I agree with the plastic film. It is a vinyl plastic with a square or
diamond pattern that lets most of the light through, yet completley obscures
what is behind it. I used it on my garage windows. If you apply it carfully,
it looks like the pattern is part of the glass.
You can laugh, but I used a roll of brown paper like they use to wrap packages
for the post office on mine, leaving a slit window for me to look out along the
tops of the windows. I just stretched out a piece long enough to reach across
all four panes and secured it with thumb tacks.
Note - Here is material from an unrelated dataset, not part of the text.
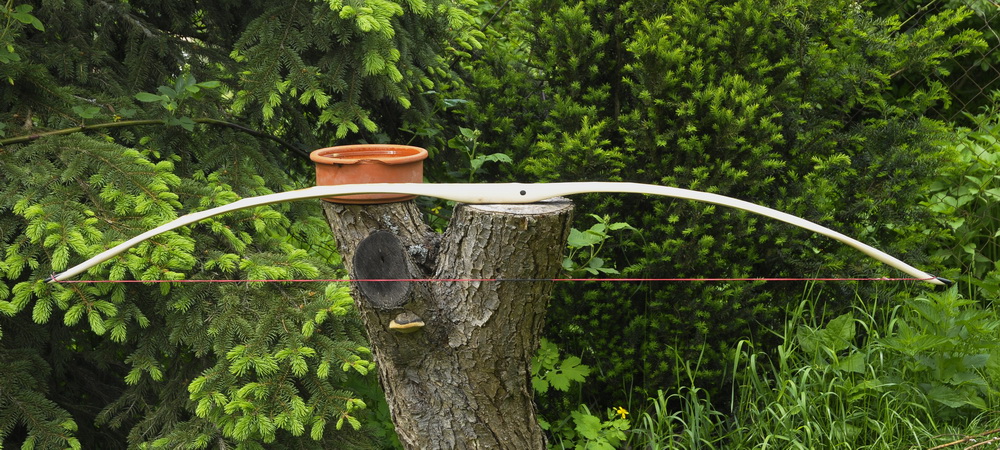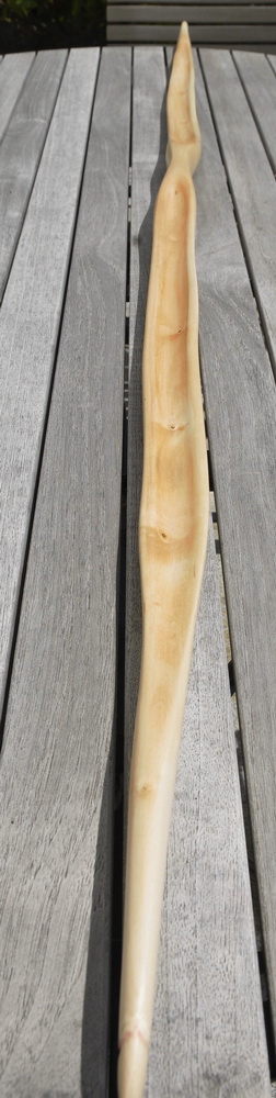 Da der Stamm ja wirklich nichts besonderes war, hab ich mal versucht die Bauchseite etwas mehr auszuhöhlen, es hat ganz gut geklappt - ist allerdings etwas schwierig in der Bearbeitung, mit diversen Hohlmeisseln und Schwanenhalsziehklinge und viel Schleifpapier dauert das Tillern halt etwas länger, aber er hat trotz der Totäste und dem Insektenverbiss gehalten, die ersten 100 Pfeile hat er schon hinter sich.

Since the outside of the door
is a kind of bronze color, the combination is actually pretty attractive and now
I don't have to sweat one of the neighbors looking in and seeing me working out
there in my boxers.
It cost essentially nothing, lasted almost ten years before I had to replace it,
and is instantly reversible if you need it to disappear for some reason.
Another option is to find a store still selling holiday leftovers and
look for with spray frost or spray snow.
You can make your own frost mix by saturating isopropol alcohol with
epsom salts and a *little* table salt.
Just mix it and sponge on the windows. (I imagine a spray bottle
would work if you just "misted" the window)
Some of these say use beer, other say water. I suggested isopropol
since it will evap quickly and not leave any organics like beer will.
A slight word of warning, the salt is hydrophilic (attracts water)...
I wouldn't use it in a high humidity enviroment.
Ich habe keine Ahnung was das bedeutet, oder vielleicht doch?
Instead of a garage this applies to rear facing windows. New
construction behind me makes me wish to alter the transparency of my
windows. First thought is a reflective film that would allow persons
inside to easily see out but block viewing from outside. Day and night.